**Data**:

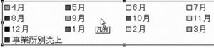 (<行>を選択すると X軸に「月別」が表示されます。)
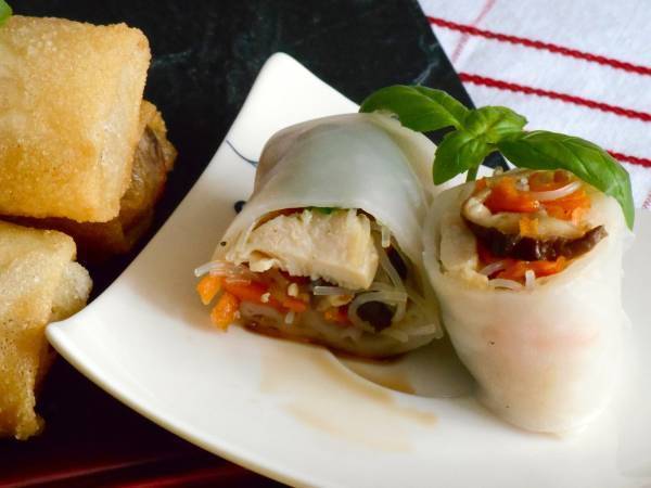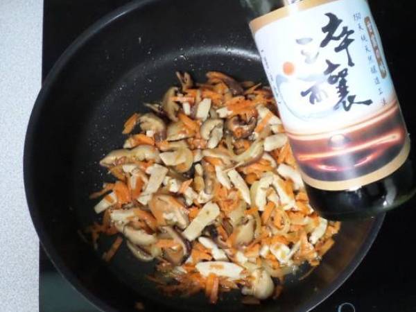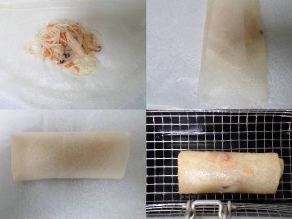Faites chauffer dans une poêle avec 2 c à s d'huile d'olive à feu doux, faites revenir l'oignon et mélangez la carotte, les champignons et le poulet. Puis incorporez le soja et 3 c à s d'eau. Mélangez le vermicelle cuit.Laissez refroidir avant de rouler.
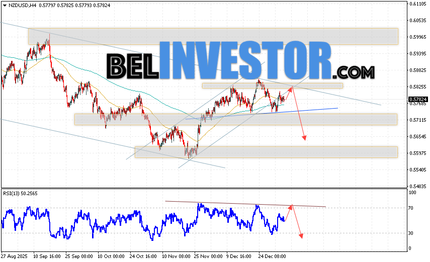 NZD/USD прогноз Форекс и аналитика на 8 января 2026 предполагает попытку теста области сопротивления вблизи уровня 0.5830. Откуда стоит ожидать продолжения падения котировок в область ниже уровня 0.5645. Дополнительным сигналом в пользу снижения выступит отбой от линии сопротивления на индикаторе относительной силы. Отменой варианта падения пары NZD/USD станет сильный рост цены и пробой уровня 0.5915. В этом случае стоит ожидать продолжение роста пары с потенциальной целью выше уровня 0.6165.
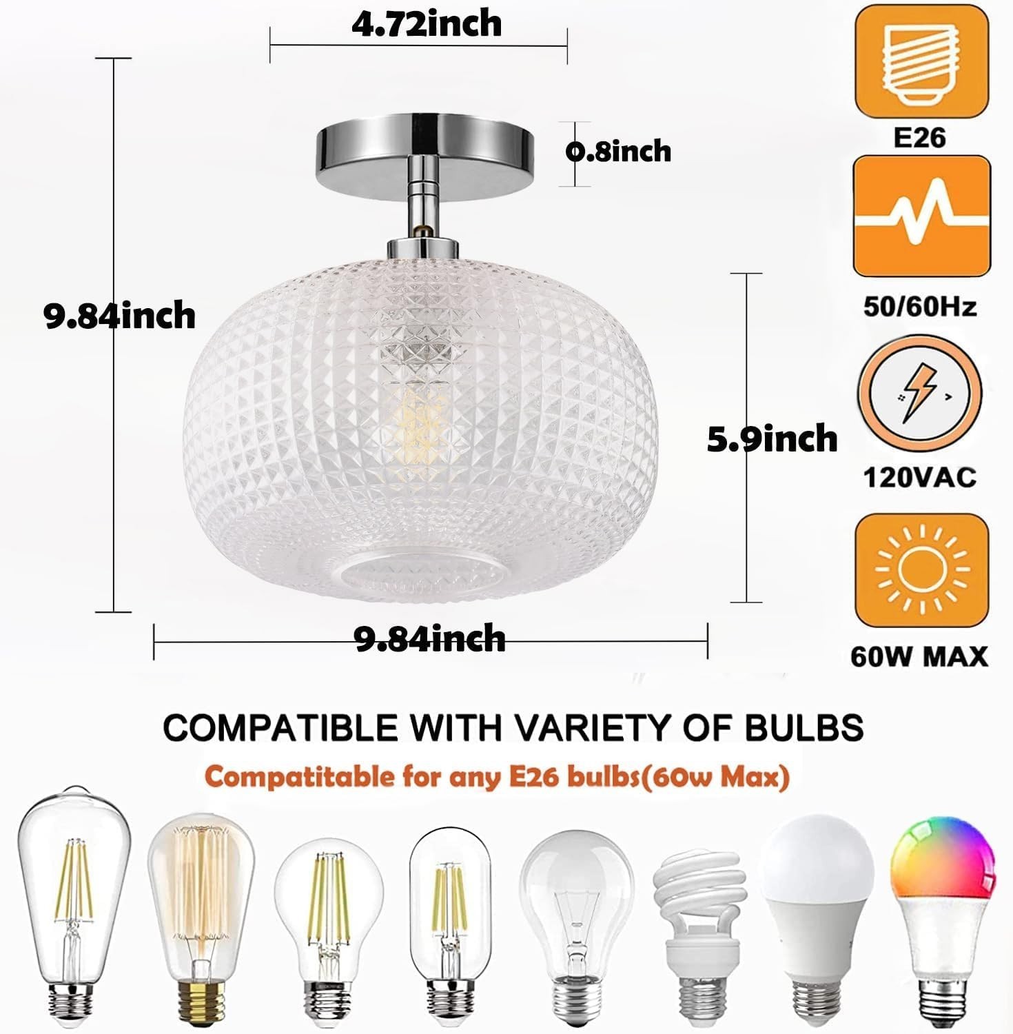 1x Semi Flush Mount Ceiling Light Fixture,Hallway Light Fixture, Globe Glass
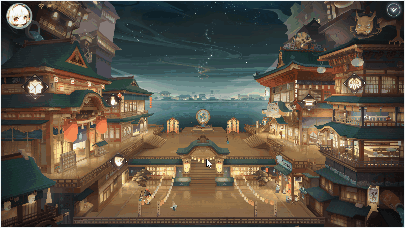 游戏的主场景是“蜃气楼”,我们进入游戏看到的是整个“蜃气楼”的中间一层,上下还各有一层,这三个场景其实是一体的,通过上下滑动就可以切换,每层场景都有着不同功能,玩法也各不相同。
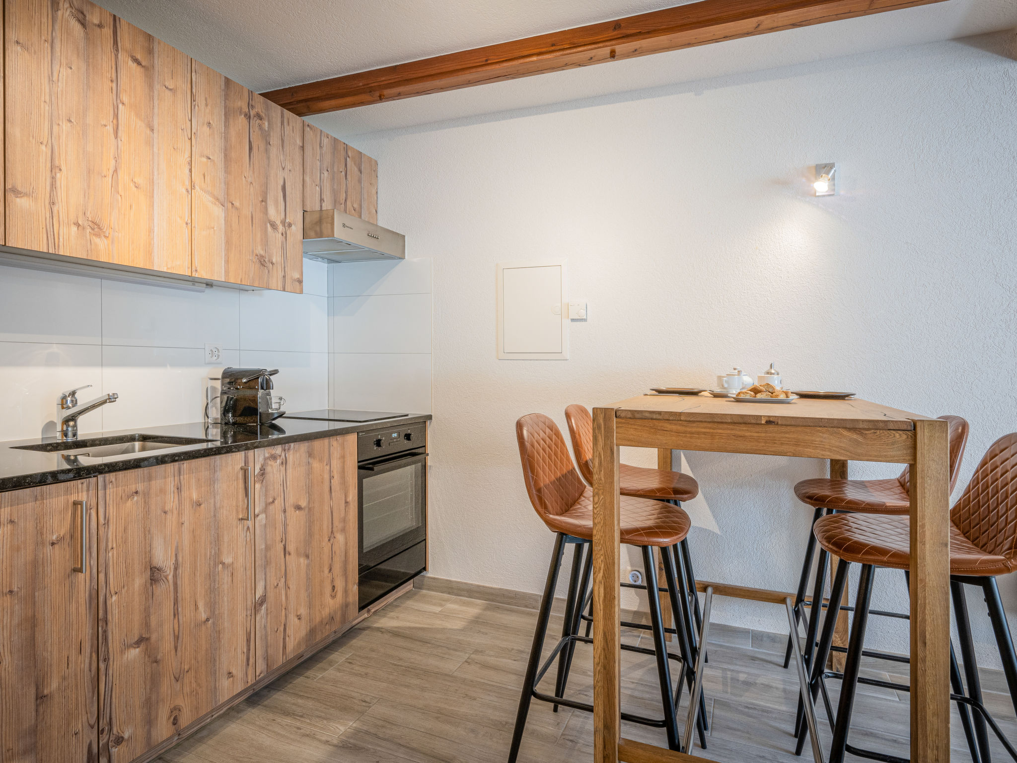 "Morthey 3" studio 28 m2. Spacieux, complètement rénové en 2020, aménagement confortable et moderne: séjour/salle à manger avec 1 grand-lit (180 cm, longueur 200 cm), table pour les repas et TV (câblée). Sortie sur le balcon. Cuisine ouverte (four, 2 plaques vitrocéramiques, grille-pain, bouilloire électrique, cafetière électrique, Capsules pour machine à café (Nespresso) (NON INCLUSES), appareil à raclette, service à fondue (fondue au fromage)). Douche/WC. Chauffage électrique. Balcon, situation sud. Mobilier de balcon, chaises longues (2). A disposition: Internet (Connexion WIFI, gratuit). Place de parking près de la maison. Veuillez noter: logement non-fumeur. Smart TV avec support USB pour clé et disc dur.
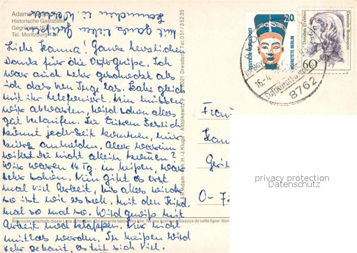 73666643 alte Postkarte Moritzburg Sachsen Adams Gasthof postalisch gelaufen Erhaltung siehe scans [WerneD78] KatCode: 11110014280260
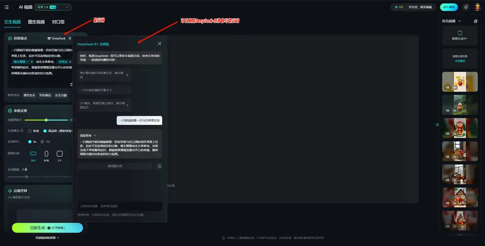 AI 视频生成: 支持文生视频和图生视频,用户输入文本描述或上传参考图片,即可生成高质量视频,视频分辨率可达 1080P,帧率高达 30fps,确保流畅性。 提供视频续写功能,可生成长达 3 分钟的创意内容,适合叙事性较强的视频创作。 模型能够模拟真实世界的物理特性,如重力、碰撞等,使生成的视频内容更加真实可信,例如生成一个人在戈壁沙漠中骑马飞奔的场景,背景为美丽的夕阳,具有电影级别的视觉效果。
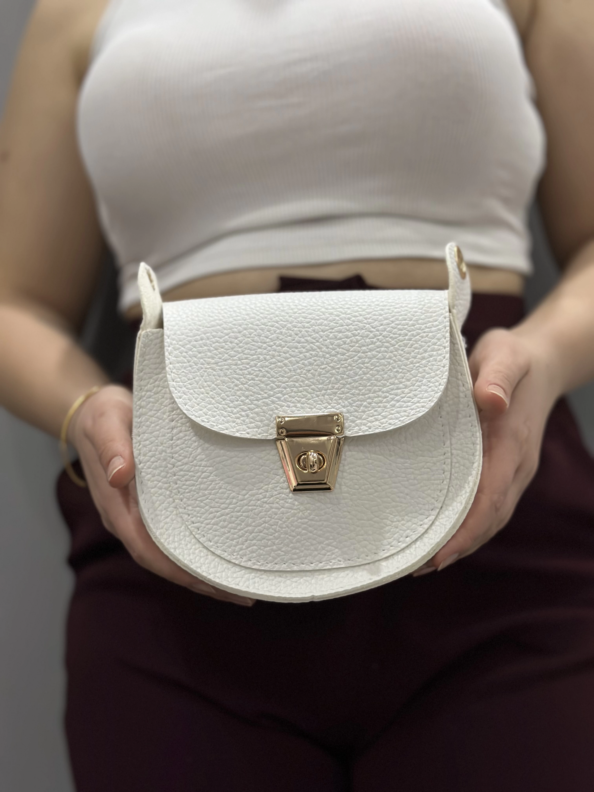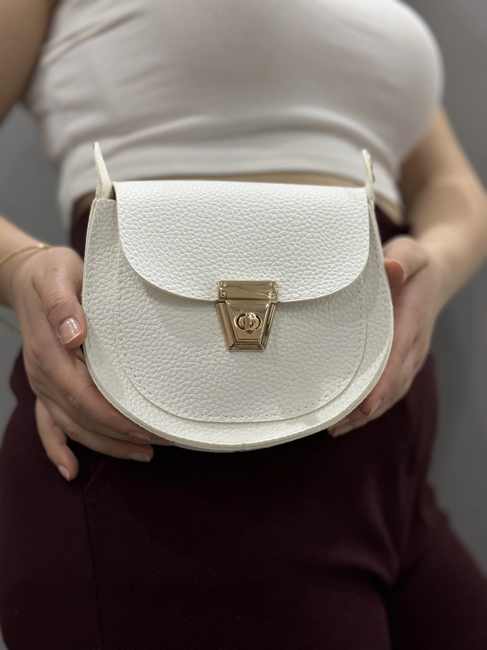 Lüks ve şık tasarımıyla dikkat çeken klasik kapaklı beyaz cilt çanta, günlük kullanımınızda size şıklık ve pratiklik sunuyor.
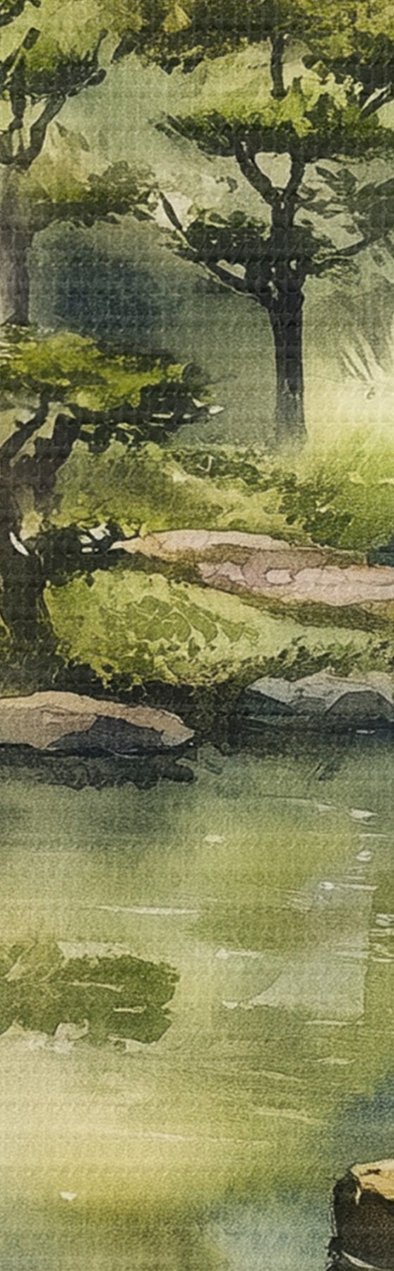 Картина Східний ліс зі скелями, ставком і соснами, зелень, акварельний стиль Арт. s44311

**Required action**: The expected output is the exact run of lines from the first line of the material above through the line that contains "Faites chauffer dans", minus any pictures.

**Exercise output**:
 (<行>を選択すると X軸に「月別」が表示されます。)
Faites chauffer dans une poêle avec 2 c à s d'huile d'olive à feu doux, faites revenir l'oignon et mélangez la carotte, les champignons et le poulet. Puis incorporez le soja et 3 c à s d'eau. Mélangez le vermicelle cuit.Laissez refroidir avant de rouler.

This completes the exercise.